### WHAT TO PRODUCE
Return the data exactly, without pictures.

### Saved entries
* * * *
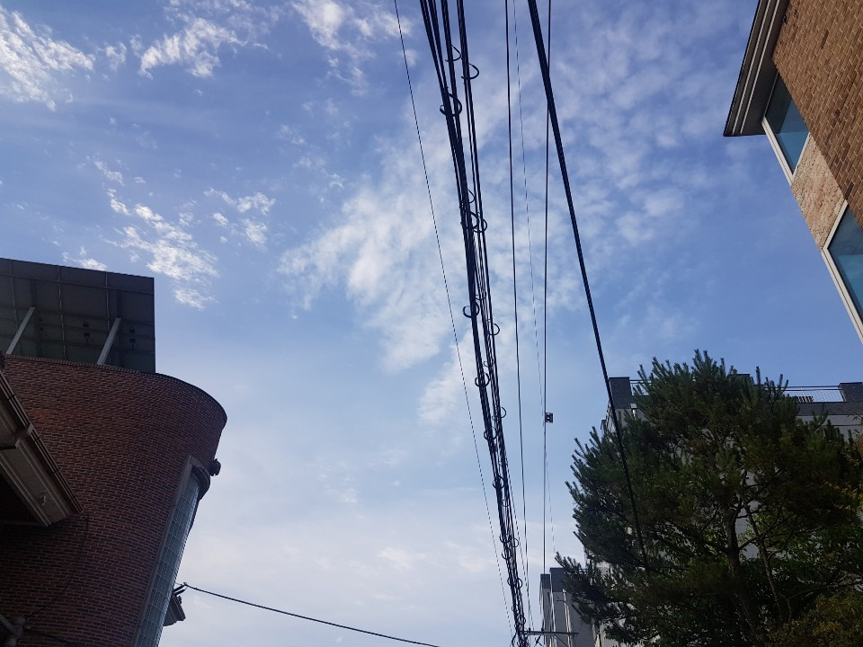 AM 7:20. 오늘은 동네 골목길을 산책했다. 어디서나 볼법한 굽이굽이 좁은 길과 낮은 연립 주택, 그리고 다닥다닥 붙어 있는 빌라. 그 흔해 빠진 모습과 정돈되지 않은 담담한 생활의 풍경이 좋다. 누군가에게는 치열한 삶의 현장이, 내게는 한가로이 거니는 산책길이 되었다는 생각에 마음이 묘했다. 특히나 하늘에 사선으로 걸린 전깃줄을 보니 더 그렇다.
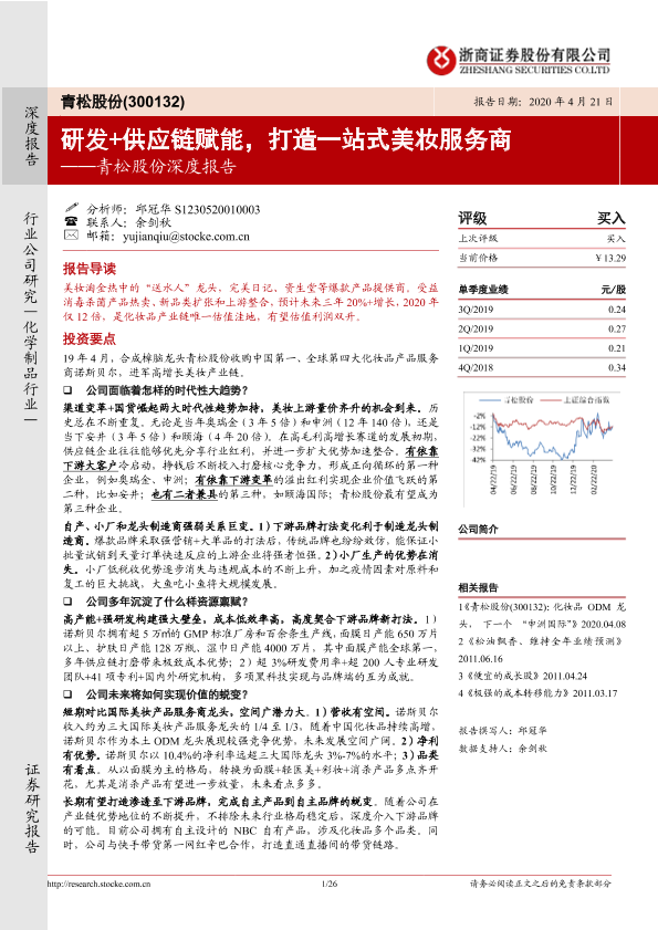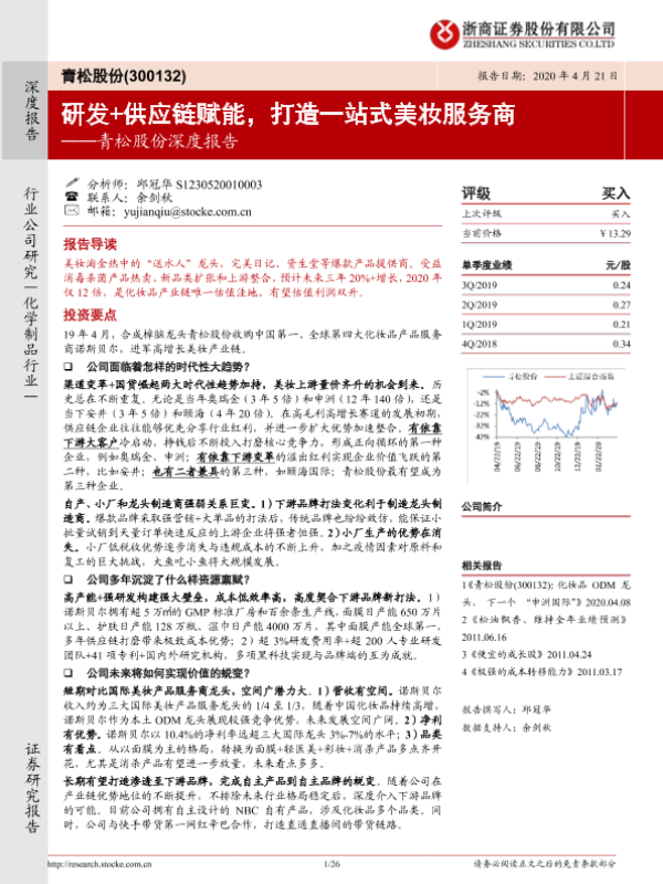【浙商证券】【20200421】青松股份深度报告:研发+供应链赋能,打造一站式美妆服务商-26页
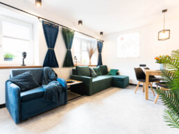 Nasz wspólny pokój to miejsce, gdzie spotkania nabierają wyjątkowego charakteru. Wygodne meble, miękkie poduszki i starannie dobrane dodatki tworzą atmosferę, która zachęca do relaksu i wspólnego spędzania czasu. To miejsce, gdzie można delektować się smaczną kawą lub herbatą w miłej atmosferze, czy to rozmawiając z innymi gośćmi, czy czytając ulubioną książkę. Otwarta przestrzeń i ciepłe oświetlenie tworzą przyjazne środowisko, które sprawia, że każdy czuje się jak w domu.
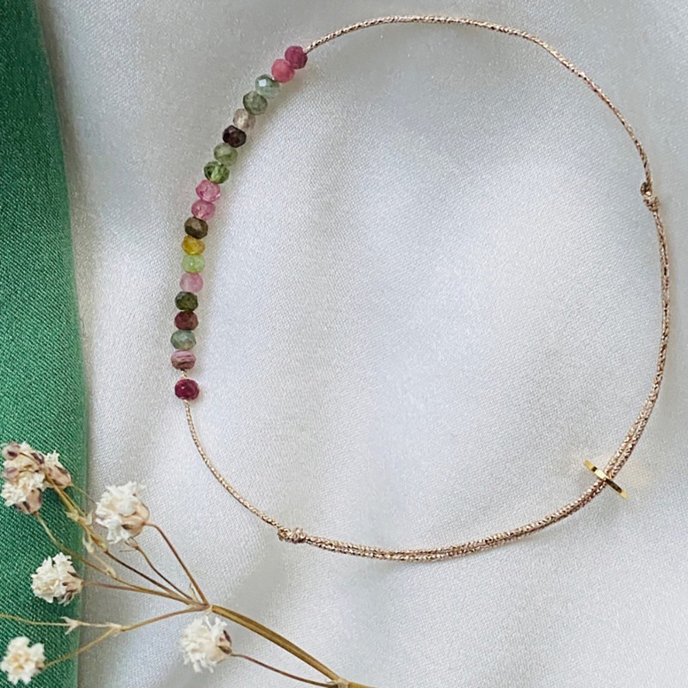 Dinner-多混色碧璽珠米金手鍊
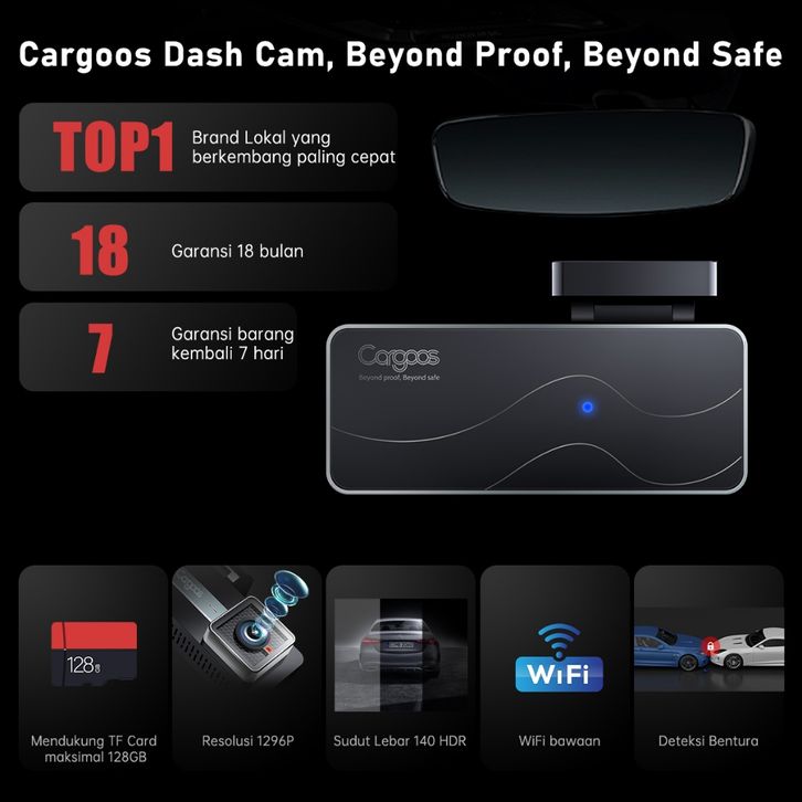 Dashcam Mobil Dash Cam Mobil Cargoos O1 Lite 1296P Dash Cam Mobil Support WiFi Aplikasi G Sensor Kamera Mobil 2K 1440p G
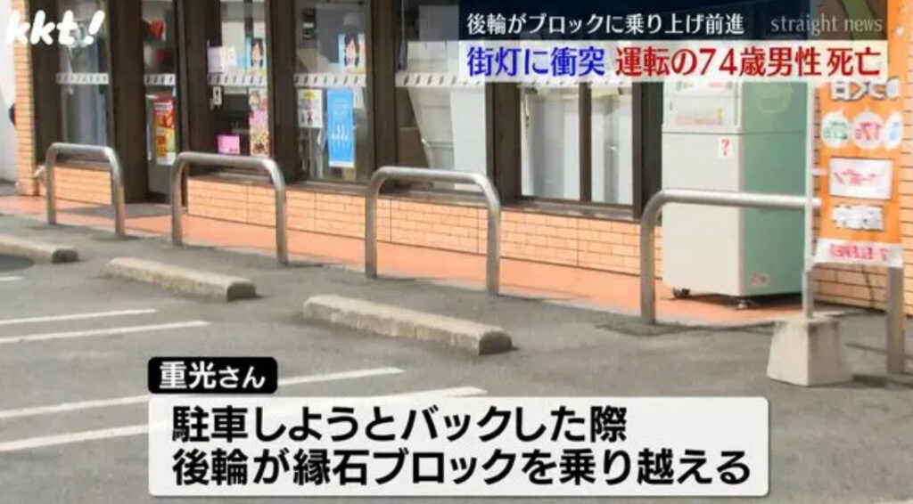 【熊本】コンビニに駐車しようとバックし縁石ブロック乗り越え前進 歩道の街灯に衝突し74歳男性死亡
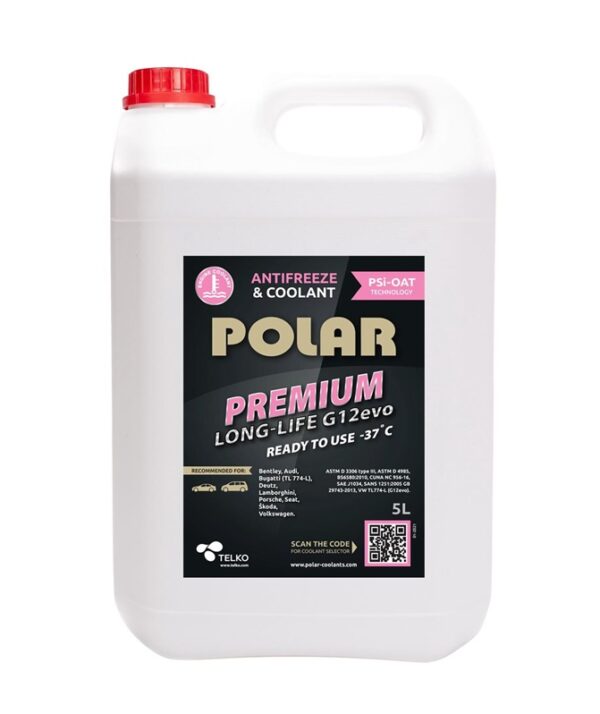 Prekės ženklas- Polar. Aušinimo skysčio tipas – Antifrizas. Spalva- Rožinė. Talpa/svoris- 5 l. Reikia skiesti distiliuotu vandeniu – Ne. Koncentratas- Ne. Papildoma informacija- • Aušinimo skystis etilenglikolio pagrindu, kurio sudėtyje yra pažangiausios organinės rūgšties technologijos kartu su silikatu ir fosfatu (PSi-OAT). • Naujiems Audi, Bentley, Bugatti, Lamborghini, Porsche, Seat, Škoda ir Volkswagen automobiliams, kur rekomenduojama naudoti TL 774-L aušinimo skystį. • Išlaiko švarius šilumos perdavimo paviršius, o tai užtikrina geresnį šilumos perdavimą. • Aukštos temperatūros oksidacijos stabilumas. • Sudėtyje nėra priedų, tokių kaip nitritai, aminai ar boratai. • Pailgintas tarnavimo laikas. Mažesnis poveikis aplinkai (produkto išmetimas). • Galimas paruoštas naudoti -37 °C. • Paruoštas naudojimui aušinimo skystis gali pilti tiesiai į aušinimo sistemą. • Atitinka ASTM D 3306 Type III, ASTM D 4985, BS6580:2010, CUNA NC 956-16, PN-C40007:2000, SAE J1034, ÖNORM V5123, SANS 1251:2029 ir 343 GB2005 reikalavimus. • Patvirtinta automobilių originalios įrangos gamintojų (originalios įrangos gamintojų, automobilių gamintojų), kurie įrodo aukštą produkto našumą ir ilgesnį tarnavimo laiką. • Naudokite pagal transporto priemonės naudojimo instrukcijas. • Spalva rožinė..
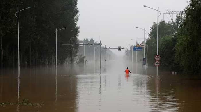 3 اگست ، 2023 کو ، چین صوبہ ہیبی ، صوبہ ہیبی میں ، ٹائفون ڈوکسوری کی باقیات کے ذریعہ بارش اور سیلاب کے بعد ایک شخص سیلاب زدہ سڑک سے گزرتا ہے۔ – رائٹرز/فائل
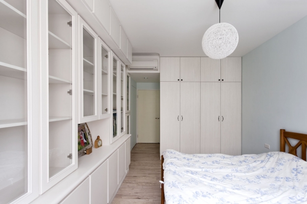 主臥室床尾與床側分別歸納大容量的衣櫃與多用途櫃,簡化的線條與清淺色系,營造連續面的造型美感。
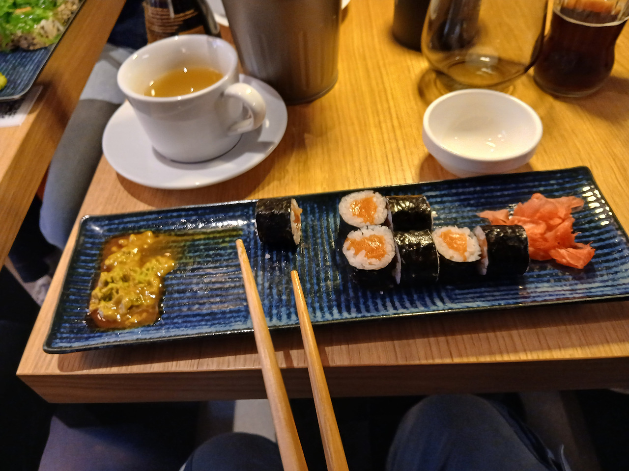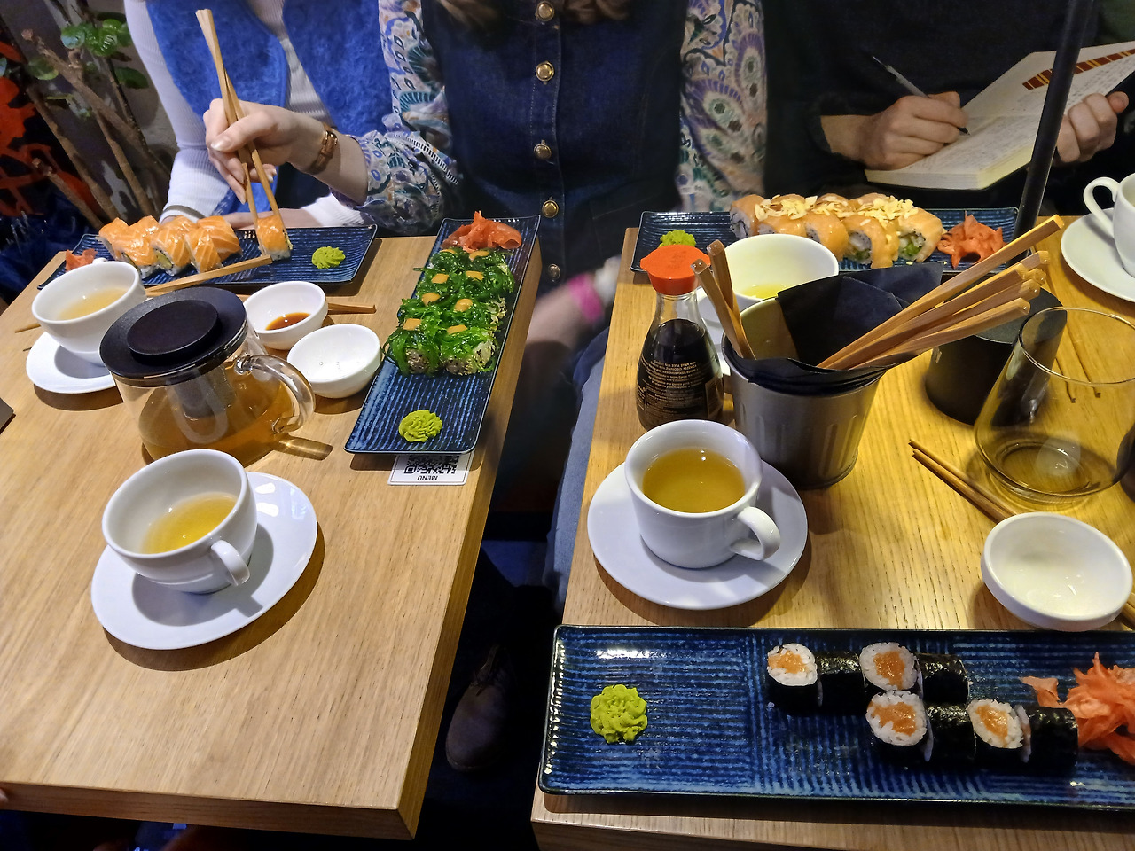 '신주쿠(新宿) 역' 컨셉의 브랜드를 들고 캐주얼한 일본풍 장식으로 도배된 식당은, 누가 봐도 여기가 일식을 다루는 공간이라는 것을 알 수 있었다. 보통 특정 국가의 음식점을 가면 그 국가 교민이나 유학생들의 비중이 많은 편인데, 일본인은 아예 찾을 수 없었다. 애초에 위치부터가 현지인들이 사는 거리 중앙에 있어서 그런지 자리는 폴란드인이 대부분을 차지하고 있었다.
* * * *
### ANSWER TO THE EXERCISE
 AM 7:20. 오늘은 동네 골목길을 산책했다. 어디서나 볼법한 굽이굽이 좁은 길과 낮은 연립 주택, 그리고 다닥다닥 붙어 있는 빌라. 그 흔해 빠진 모습과 정돈되지 않은 담담한 생활의 풍경이 좋다. 누군가에게는 치열한 삶의 현장이, 내게는 한가로이 거니는 산책길이 되었다는 생각에 마음이 묘했다. 특히나 하늘에 사선으로 걸린 전깃줄을 보니 더 그렇다.
【浙商证券】【20200421】青松股份深度报告:研发+供应链赋能,打造一站式美妆服务商-26页
 Nasz wspólny pokój to miejsce, gdzie spotkania nabierają wyjątkowego charakteru. Wygodne meble, miękkie poduszki i starannie dobrane dodatki tworzą atmosferę, która zachęca do relaksu i wspólnego spędzania czasu. To miejsce, gdzie można delektować się smaczną kawą lub herbatą w miłej atmosferze, czy to rozmawiając z innymi gośćmi, czy czytając ulubioną książkę. Otwarta przestrzeń i ciepłe oświetlenie tworzą przyjazne środowisko, które sprawia, że każdy czuje się jak w domu.
 Dinner-多混色碧璽珠米金手鍊
 Dashcam Mobil Dash Cam Mobil Cargoos O1 Lite 1296P Dash Cam Mobil Support WiFi Aplikasi G Sensor Kamera Mobil 2K 1440p G
 【熊本】コンビニに駐車しようとバックし縁石ブロック乗り越え前進 歩道の街灯に衝突し74歳男性死亡
 Prekės ženklas- Polar. Aušinimo skysčio tipas – Antifrizas. Spalva- Rožinė. Talpa/svoris- 5 l. Reikia skiesti distiliuotu vandeniu – Ne. Koncentratas- Ne. Papildoma informacija- • Aušinimo skystis etilenglikolio pagrindu, kurio sudėtyje yra pažangiausios organinės rūgšties technologijos kartu su silikatu ir fosfatu (PSi-OAT). • Naujiems Audi, Bentley, Bugatti, Lamborghini, Porsche, Seat, Škoda ir Volkswagen automobiliams, kur rekomenduojama naudoti TL 774-L aušinimo skystį. • Išlaiko švarius šilumos perdavimo paviršius, o tai užtikrina geresnį šilumos perdavimą. • Aukštos temperatūros oksidacijos stabilumas. • Sudėtyje nėra priedų, tokių kaip nitritai, aminai ar boratai. • Pailgintas tarnavimo laikas. Mažesnis poveikis aplinkai (produkto išmetimas). • Galimas paruoštas naudoti -37 °C. • Paruoštas naudojimui aušinimo skystis gali pilti tiesiai į aušinimo sistemą. • Atitinka ASTM D 3306 Type III, ASTM D 4985, BS6580:2010, CUNA NC 956-16, PN-C40007:2000, SAE J1034, ÖNORM V5123, SANS 1251:2029 ir 343 GB2005 reikalavimus. • Patvirtinta automobilių originalios įrangos gamintojų (originalios įrangos gamintojų, automobilių gamintojų), kurie įrodo aukštą produkto našumą ir ilgesnį tarnavimo laiką. • Naudokite pagal transporto priemonės naudojimo instrukcijas. • Spalva rožinė..
 3 اگست ، 2023 کو ، چین صوبہ ہیبی ، صوبہ ہیبی میں ، ٹائفون ڈوکسوری کی باقیات کے ذریعہ بارش اور سیلاب کے بعد ایک شخص سیلاب زدہ سڑک سے گزرتا ہے۔ – رائٹرز/فائل
 主臥室床尾與床側分別歸納大容量的衣櫃與多用途櫃,簡化的線條與清淺色系,營造連續面的造型美感。
 '신주쿠(新宿) 역' 컨셉의 브랜드를 들고 캐주얼한 일본풍 장식으로 도배된 식당은, 누가 봐도 여기가 일식을 다루는 공간이라는 것을 알 수 있었다. 보통 특정 국가의 음식점을 가면 그 국가 교민이나 유학생들의 비중이 많은 편인데, 일본인은 아예 찾을 수 없었다. 애초에 위치부터가 현지인들이 사는 거리 중앙에 있어서 그런지 자리는 폴란드인이 대부분을 차지하고 있었다.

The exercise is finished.